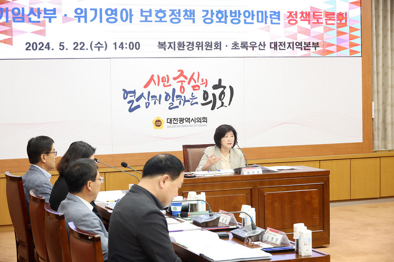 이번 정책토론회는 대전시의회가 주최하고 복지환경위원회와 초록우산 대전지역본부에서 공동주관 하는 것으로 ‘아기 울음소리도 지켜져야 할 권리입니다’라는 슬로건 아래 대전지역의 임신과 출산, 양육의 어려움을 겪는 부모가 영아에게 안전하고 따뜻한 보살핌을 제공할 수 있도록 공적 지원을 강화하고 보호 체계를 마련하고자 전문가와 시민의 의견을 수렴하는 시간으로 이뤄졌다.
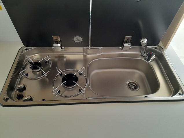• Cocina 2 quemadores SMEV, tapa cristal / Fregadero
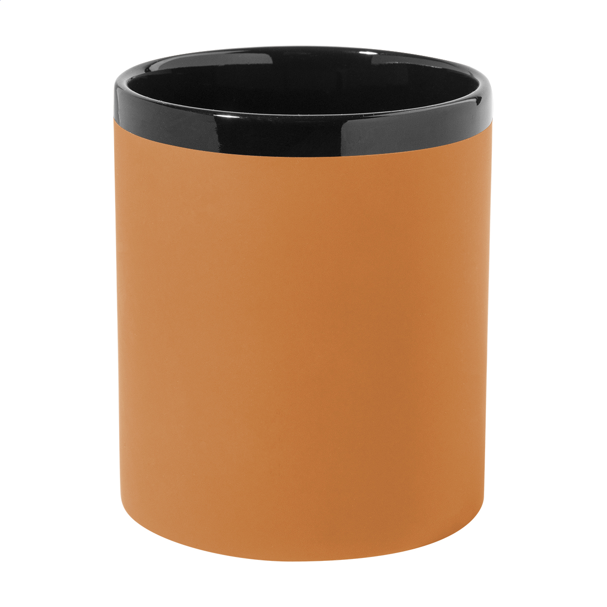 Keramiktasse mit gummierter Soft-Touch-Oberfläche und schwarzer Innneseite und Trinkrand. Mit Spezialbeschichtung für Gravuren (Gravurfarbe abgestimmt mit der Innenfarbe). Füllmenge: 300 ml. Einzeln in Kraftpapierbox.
...
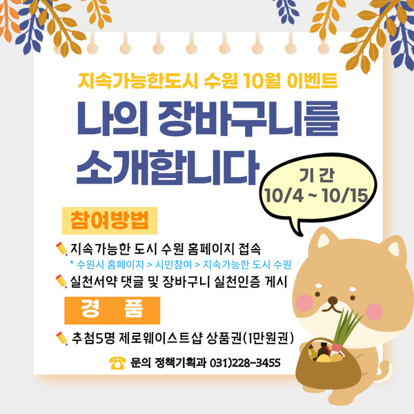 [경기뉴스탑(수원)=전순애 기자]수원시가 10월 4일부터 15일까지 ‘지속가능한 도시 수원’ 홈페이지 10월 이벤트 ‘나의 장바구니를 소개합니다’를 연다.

• **Aim of the task**:
Could you write out exactly the lines of the data above that run from the one holding "이번 정책토론회는 대전시의회가" to the one holding "Keramiktasse mit gummierter", with both ends in and all pictures out?

• **Answer below**:
 이번 정책토론회는 대전시의회가 주최하고 복지환경위원회와 초록우산 대전지역본부에서 공동주관 하는 것으로 ‘아기 울음소리도 지켜져야 할 권리입니다’라는 슬로건 아래 대전지역의 임신과 출산, 양육의 어려움을 겪는 부모가 영아에게 안전하고 따뜻한 보살핌을 제공할 수 있도록 공적 지원을 강화하고 보호 체계를 마련하고자 전문가와 시민의 의견을 수렴하는 시간으로 이뤄졌다.
• Cocina 2 quemadores SMEV, tapa cristal / Fregadero
 Keramiktasse mit gummierter Soft-Touch-Oberfläche und schwarzer Innneseite und Trinkrand. Mit Spezialbeschichtung für Gravuren (Gravurfarbe abgestimmt mit der Innenfarbe). Füllmenge: 300 ml. Einzeln in Kraftpapierbox.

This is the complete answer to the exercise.